If you’re a lover of good, clean Italian food, chances are you’ve dined at one of Giorgio Nava’s restaurants. The Milanese chef relocated to South Africa about 15 years ago, during which time he has opened seven successful restaurants, including 95 Keerom, 95 at Morgenster, the now defunct Mozzarella Bar and Caffe Milano (sadly), and three branches of Carne.
He opened 95 Keerom in 2003 and five years later the original branch of Carne opened across the road in Cape Town’s legal district. In the middle of 2014, Giorgio opened his second branch of Carne in Kloof Street and in November 2014, a third branch opened in Constantia, allowing southern suburbs dwellers to enjoy Giorgio’s sublime Milanese meals without having to trek over the mountain.
More than meats the eye…
Not surprisingly, Carne Constantia was an instant hit in the land of Labradors and Land Rovers – but only at dinnertime; for some reason the restaurant never seemed to realise its potential during the day.
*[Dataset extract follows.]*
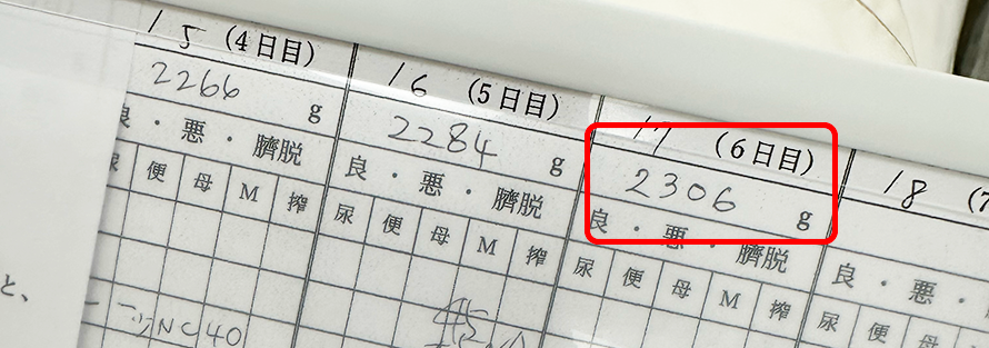 体重記入欄はまだ空白のようで、今日退院できるかはまだ不明。2300g超えなかったらまた延泊だ。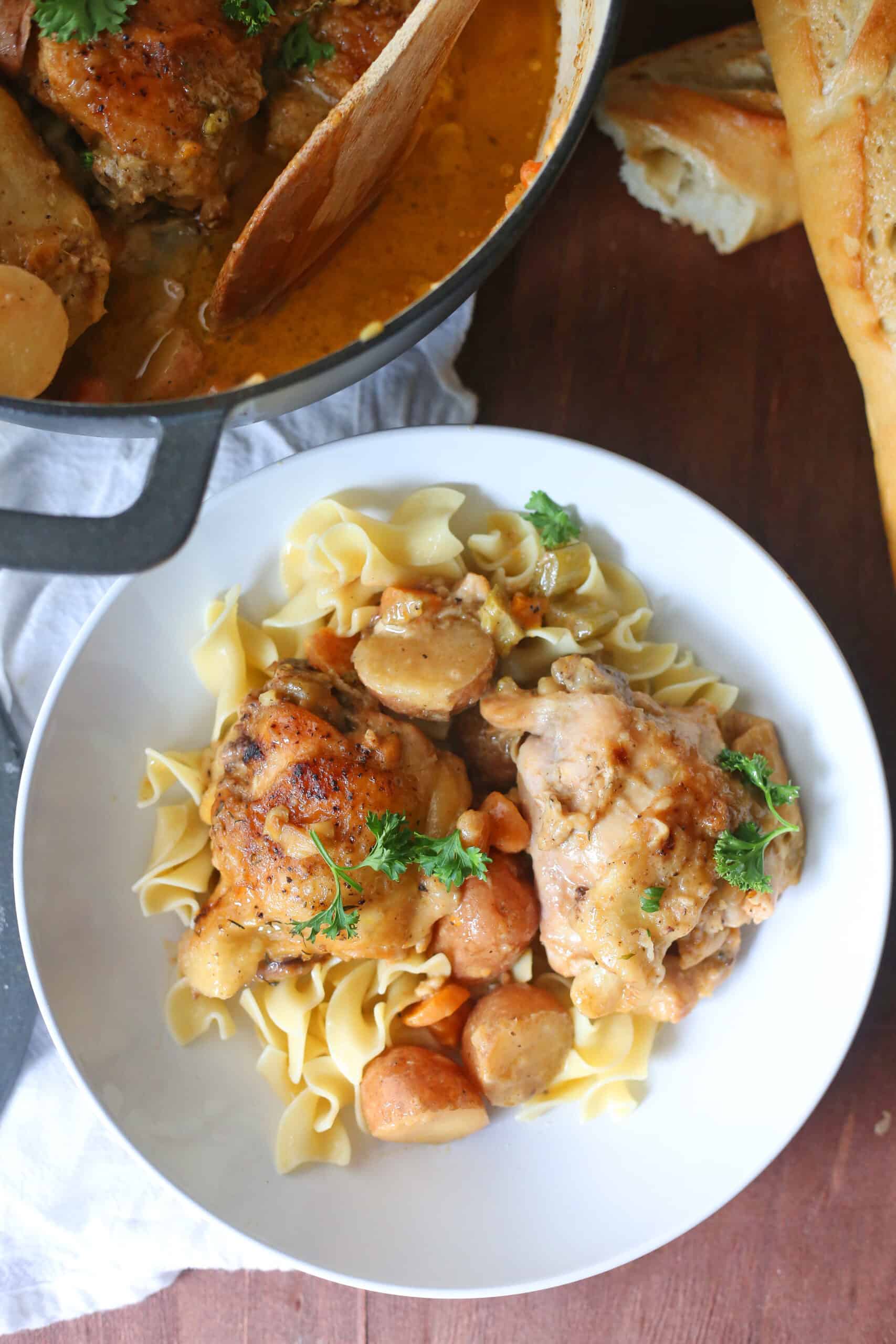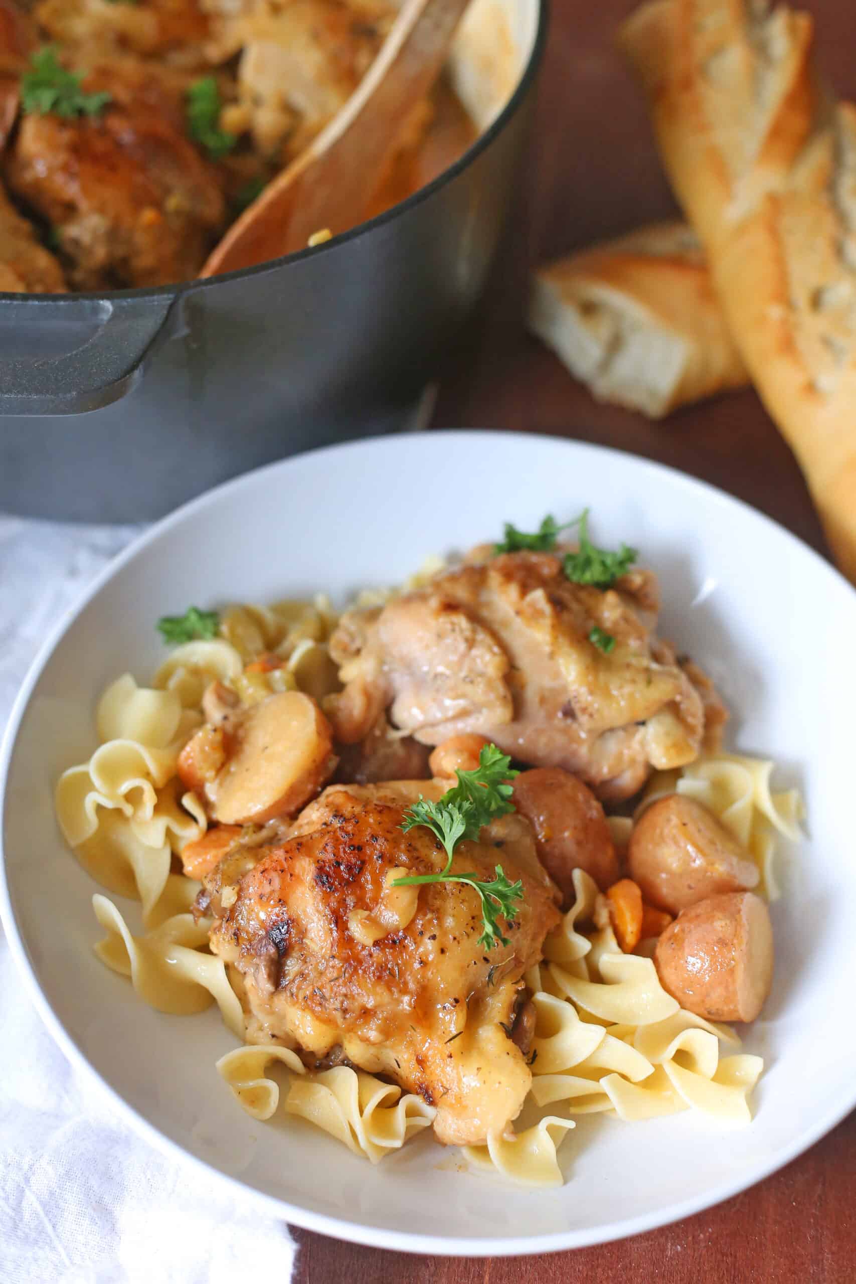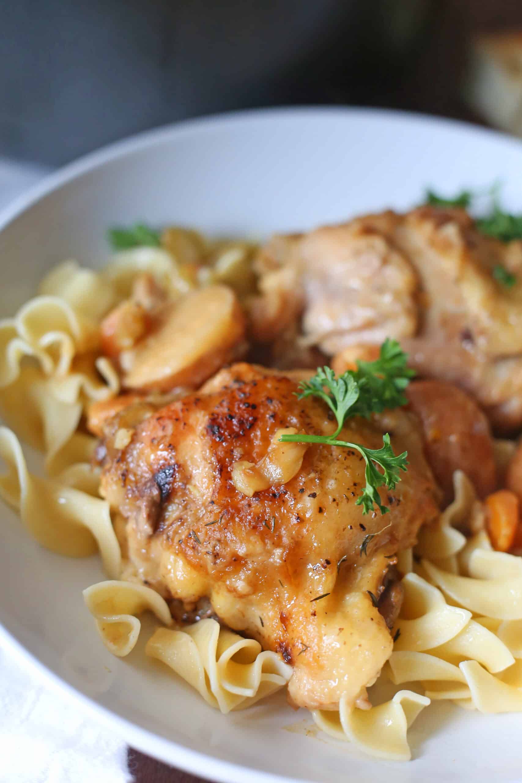 Now this is total comfort food that is perfect for the cooler months! I am LOVING that you served this with wide egg noodles too! I’m crushing hard on how crispy those thighs are with such juicy and tender meat!

Over lunch one afternoon, Giorgio, the salubrious Seth Shezi and I considered the reasons for Carne Constantia’s scant lunchtime trade. Perhaps, we speculated, the Ladies Who Lunch would prefer to eat salad (or even fish, chicken or pasta) at midday, rather than red meat?
“But they can!” exclaimed Giorgio, “There is a lot on the menu for people who don’t want to eat meat,” he explained, gesturing to the waiter to bring us starter portions of an array of dishes, including baked chicken breast; grilled linefish; and L’Insalata di Avocado, with greens, cherry tomatoes, crunchy pecan nuts, fresh pear, blue cheese and olive oil.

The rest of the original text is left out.